Jeremiah 29:11 SAYS, “For surely I know the plans I have for you says the Lord, plans for peace and not disaster, plans to give you a future with hope.”

• Dictionary.com defines the word "plan" as, "a specific project or a definite purpose."

Sometimes though, our plans conflict with the plans of others. I’ll get up in the morning sometimes and my wife will ask, “What’s your plan for today?” I’ll tell her, but then I’ll get, “Well I think we should do this instead” or, “I wanted to do something different.”

• It’s normal for each of us to have conflicts with one another’s plans, because most of the time our plans are different.

• Our plans can also conflict with the plan our Lord has set for us. When that conflict occurs, we know the Lord is right.

• The question is ~ which plan are you going to follow? Your plan or Gods?

• In our Scripture this morning we see two plans. There is the Lord’s plan, and there is the plan of the disciples.

I). The Lord’s Plan (vv. 32-34)

A). Jesus had set his sights on Jerusalem, and He knew what was going to happen when He got there.

• Look at v. 32 the disciples were both amazed and afraid ~ but they still followed.

• Why? I would like to think it was because that Jesus was leading them ~ HE was out in front.

B). God’s plans do not always lead us into pleasant situations.
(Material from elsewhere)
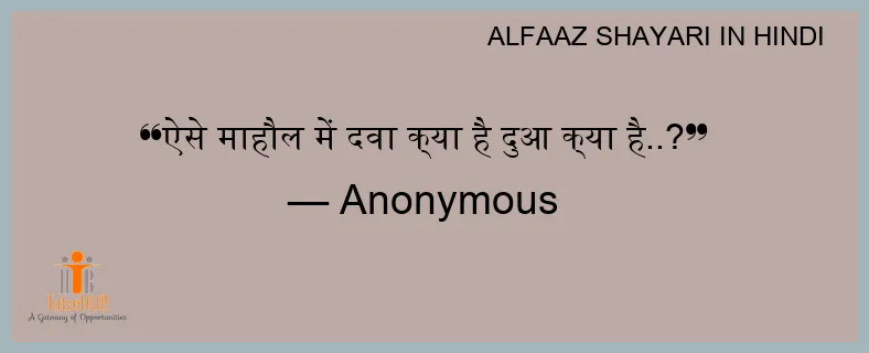 ऐसे माहौल में दवा क्या है दुआ क्या है..?

• We need to remember that He is continually out in front of us, leading the way.

• And yes, sometimes, what we perceive as suffering is a part of that plan, but remember what the Bible says about that…listen carefully to 1 Peter 1:3-7

C). Jesus’ plan to go to Jerusalem included suffering!

• Matthew writes, in this same event, that Jesus said that He will “undergo great suffering.” ~ and I think that’s an understatement!
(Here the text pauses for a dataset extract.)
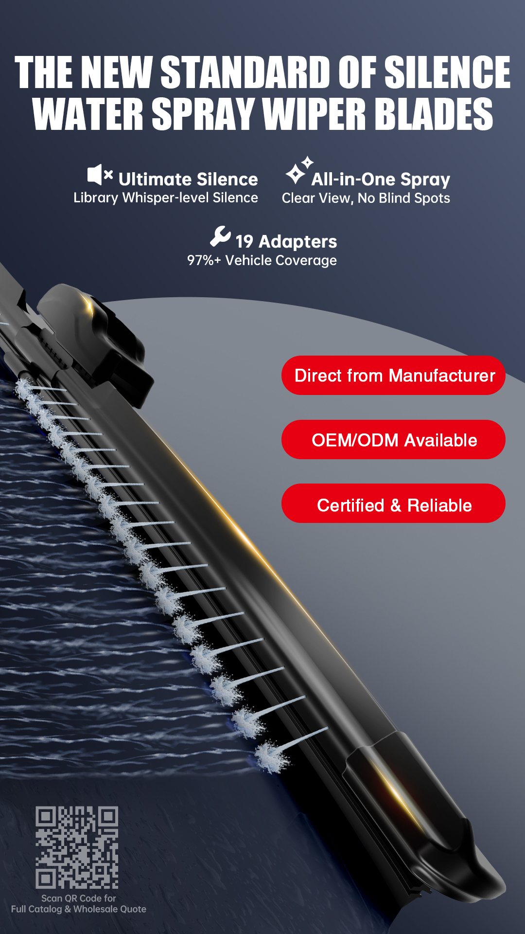 乾燥摩擦の代わりに、当社のシステムは各スイープの前に細かい水膜を解放し、通常のブレードでは回避できないビビリや振動を軽減します。その結果、穏やかでクリアで洗練された拭き取り動作が実現され、日常の製品が快適なアップグレードに変わります。

D). What we have to receive here is the plan behind the suffering!

• Jesus was going to Jerusalem to go to the cross!

• God’s plan for His Son was a plan for servanthood and service.

• Read v. 45

• Had He not done that ~ had He not endured that “great suffering” there would be no redemption, no salvation, no free gift of eternal life that we can have today.

II). The Disciples plan

A). They wanted GLORY

• Go back and look at vv. 35-37 again (read)
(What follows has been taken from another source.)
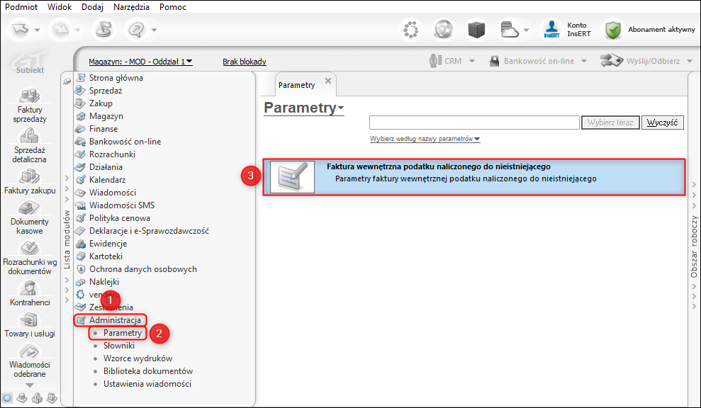 1. Z listy modułów wybrać Administracja – Parametry, a z listy parametrów Faktura wewnętrzna podatku naliczonego do nieistniejącego.

• Even though Jesus is telling them all along that He was going to Jerusalem to die, the disciples are still expecting that He is going to set up His kingdom.

• James & John (at their mother’s urging, according to Matthew) wanted the two highest positions in the kingdom.

• They were looking for glory!

B). They had plans for greatness!

• We talked about this last week, in Mark 9, where the disciples were arguing with themselves on the way to Capernaum about which of them was the greatest!

• Now, in this next chapter, after Jesus had told them that “whoever wants to be first must be last of all and servant of all.” Here they are wanting to be the greatest!

• Look at Jesus’ reply: (read vv. 38)

• What was their response: “We are able” (are you kidding me!!!)

• They had plans for greatness!

C). Jesus’ response: “You will”

• You will drink from the sup that I drink from, and you will be baptized with the same baptism I am baptized with, but that won’t give you glory and that won’t make you great!

• Vv. 43-44 say, “You want greatness, you have to be a servant…you want glory, you have to be a slave.” To whom, to EVERYONE!

• That’s God’s plan: The greatest in the Lord’s Kingdom are the ones who are the best servants. The truly great servant, in God’s eyes, are the one’s who serve unselfishly.

What is your plan? Greatness and glory, or suffering and service?

Mordecai Ham was born April 2, 1877, in Scottsville, Kentucky. He came from eight generations of Baptist preachers. He came to Christ by the time he was eight years old and remembers: "At nine I had definite convictions that the Lord wanted me to preach."

But after high school, he changed his plans and went to Ogden College to study law. He was too young for a Bar exam, so his plans changed again and he took a job as a traveling salesman for a grocery company. From 1897 to 1900 a new plan…he was crew manager for a picture-enlarging firm in Chicago.